2000–2009
Als Zeugen auftreten
April 2008


Als Zeugen auftreten

Auch ihr könnt als Zeugen Gottes auftreten, indem ihr jetzt den Geist des Glaubens, der Liebe, des Friedens und des Zeugnisses in eurer Familie nährt.

Wenn ich hier an diesem Pult stehe, stelle ich mir die Gesichter der Jungen Damen überall in der Welt vor. Wie lieb ich euch habe! Vor allem schließe ich mich gern eurem Versprechen an, dass wir „allzeit und in allem, wo auch immer wir uns befinden, als Zeugen Gottes auftreten“1 wollen. Wie können wir das anstellen? Ich bete darum, dass der Geist uns, während ich spreche, führen möge und dass er einer jeden von uns bezeugen möge, wie wir als Zeugen Gottes auftreten können.

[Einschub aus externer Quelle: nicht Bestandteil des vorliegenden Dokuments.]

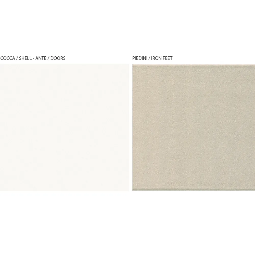 Modernes und elegantes Produkt aus weißem MDF mit nickelfarbenen Eisenfüßen , bestehend aus 2 Türen in weißer Ausführung mit massiver Tulpenholzkante in Canaletto-Ausführung, einer Schublade in der gleichen Ausführung und ein offenes Fach , das zusätzlichen Stauraum garantiert.
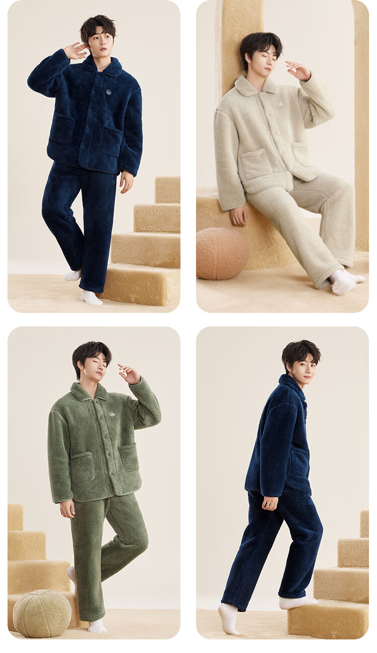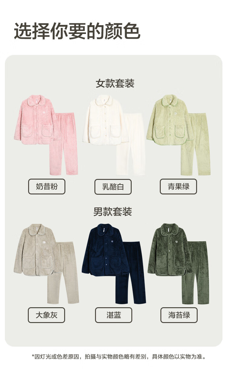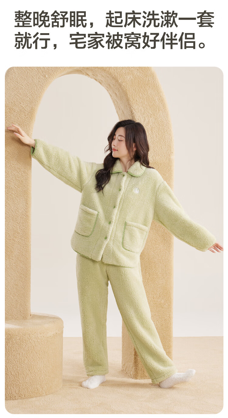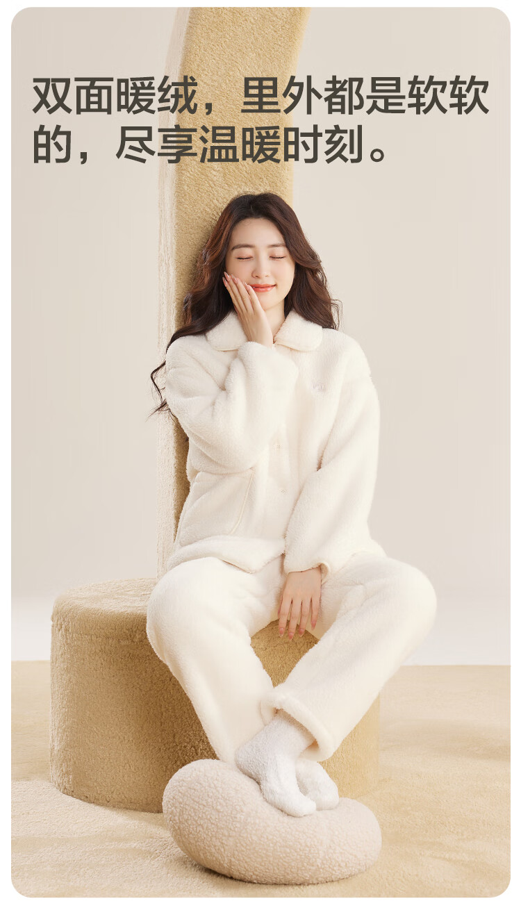 红豆居家女士加绒加厚秋冬睡衣女可外穿保暖家居服 奶昔粉 L 170/92A
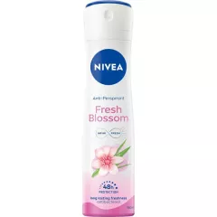 Dane produktowe Nivea Fresh Blossom Antyperspirant DLA Kobiet Spray 150 ml Antyperspirant NIVEA Fresh Blossom w sprayu zachwyca swoim wyjątkowym zapachem oraz zapewnia skuteczną ochronę przed poceniem. Odświeżający i delikatny zapach zapach, łączy w sobie kwiatowe nuty z orzeźwiającą trawą...
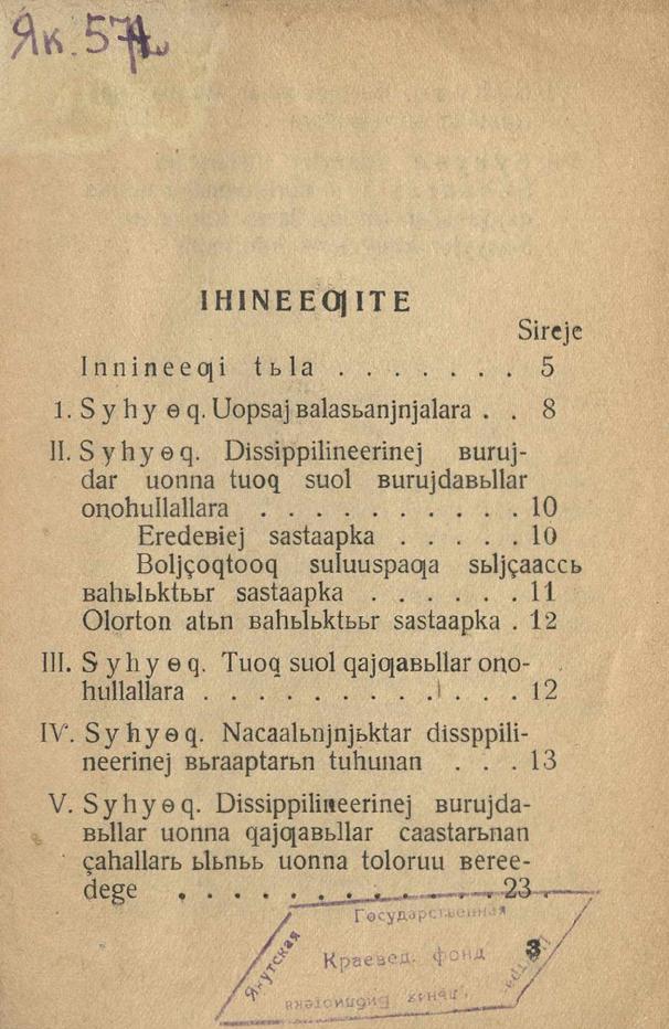 Байыаннай уонна муора дьыалатын Байыаннай Хамыссарыйаата. ОБКА диссиппилиинэтин бириэмэннэй устааба : (1925) / А. С. Кулакуоскай тылб. - Дьокуускай : Судаарыстыба Саха сиринээҕи бэчээттиир суута, 1932. - 34 с.
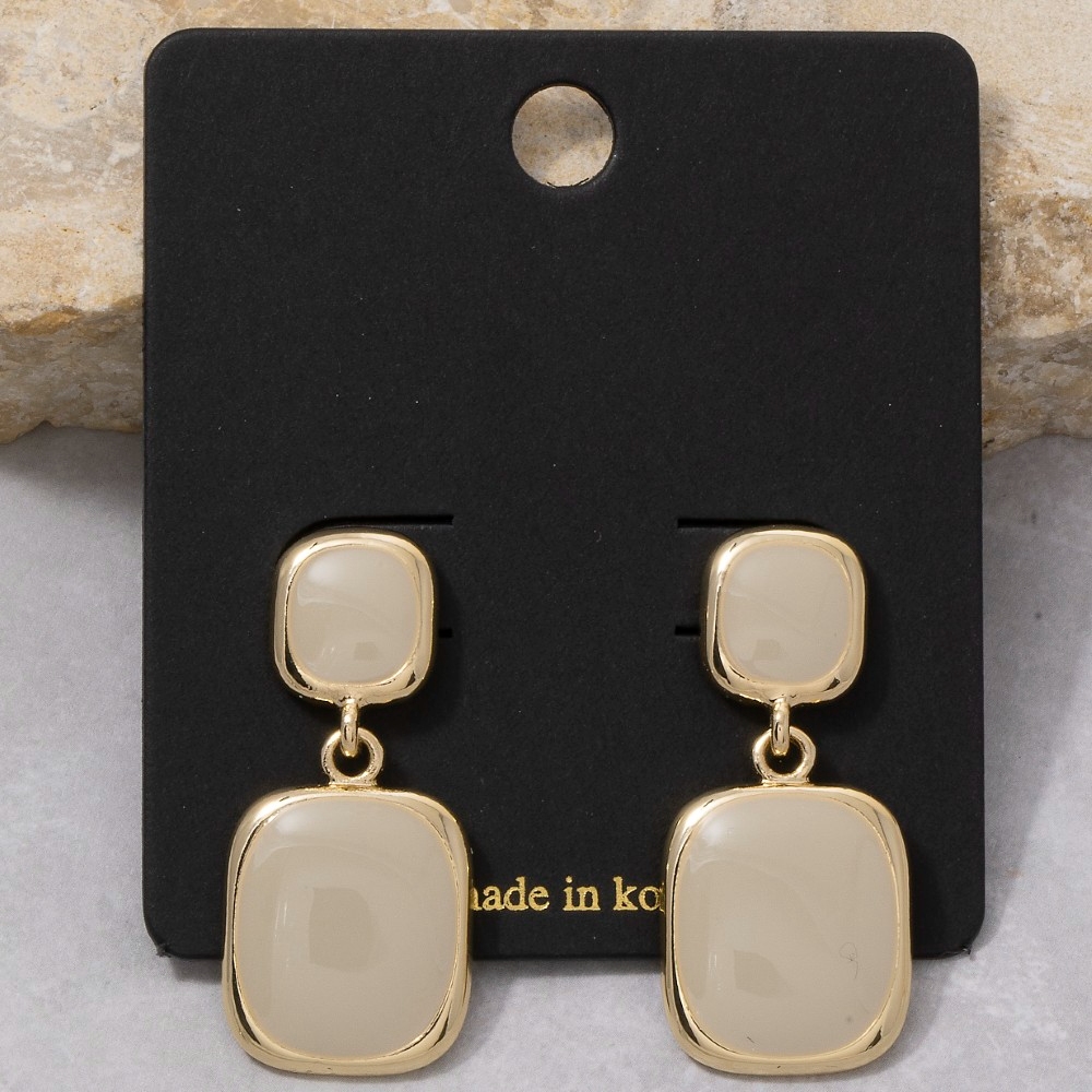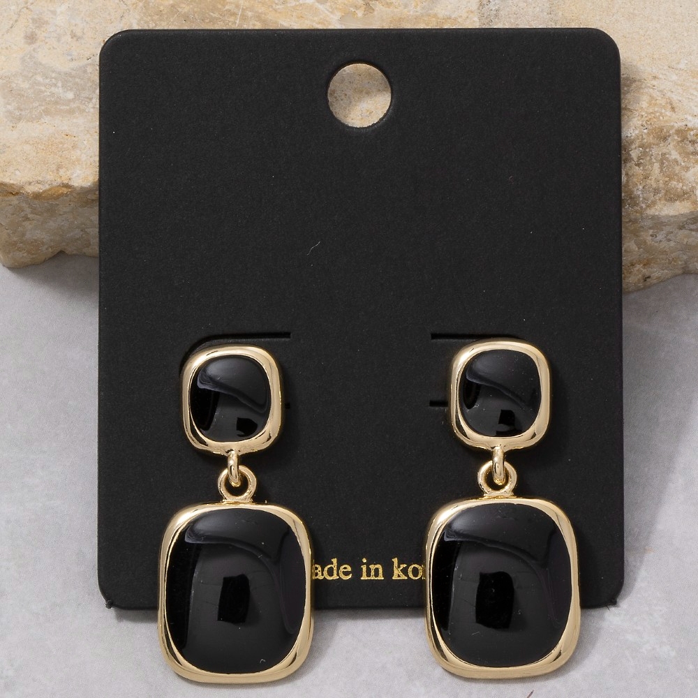 A classic design with a modern twist, this pair of drop earrings includes a stunning double cushion colored stone design. Perfect for any occasion, this versatile pair of drop earrings will enhance any outfit you wear. This item is sold in packs of 12.
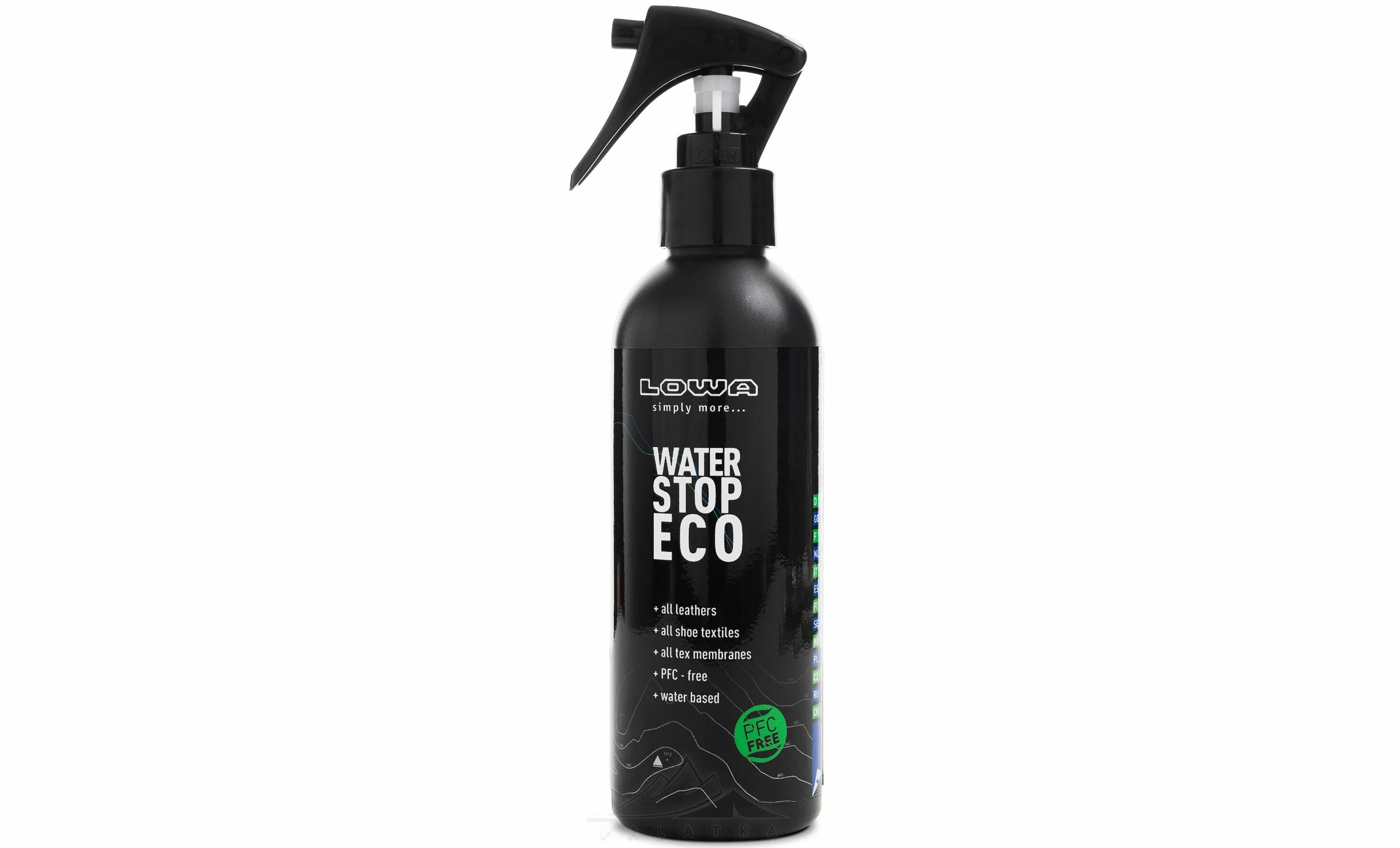 LOWA Water Stop Eco — високоефективний спрей на водній основі для відновлення водовідштовхувальних властивостей взуття та захисту від вологи й бруду, зберігаючи при цьому повітропроникність матеріалів.
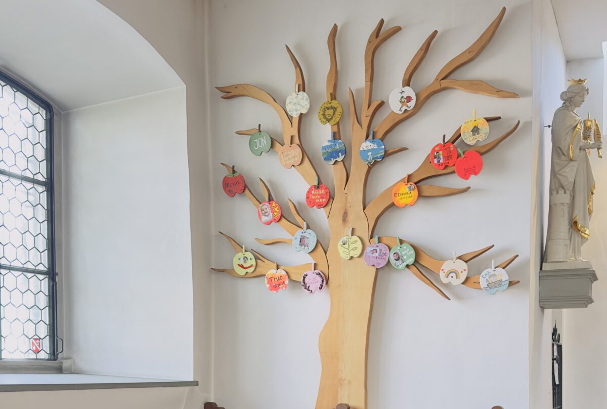 In Triengen erhalten die Kinder ihre liebevoll verzierten Holzäpfel zurück, in Winikon die bunt bemalten Schmetterlinge – beide waren während des Jahres an den Taufbäumen in den Kirchen zu bestaunen.

Als unsere Kinder auf Mission waren, lernten sie: Wenn wir als Zeugen Jesu Christi auftreten, bestätigt der Heilige Geist dieses Zeugnis. Eine unserer Töchter hatte eine wunderbare Untersucherin namens JieLei. Diese junge Frau befolgte jedes neue Gebot, das man sie lehrte, wie schwer es auch war. Sie war Studentin und kam finanziell nur mit Mühe über die Runden, aber sie begann, ihren Zehnten zu zahlen, sobald sie von diesem Gesetz erfuhr. Sie musste in ihrem Teilzeitjob auch sonntags arbeiten, aber sie hatte den Mut, ihren Arbeitgeber zu fragen, ob er ihre Stunden auf einen anderen Tag legen könne, damit sie die Abendmahlsversammlung besuchen konnte.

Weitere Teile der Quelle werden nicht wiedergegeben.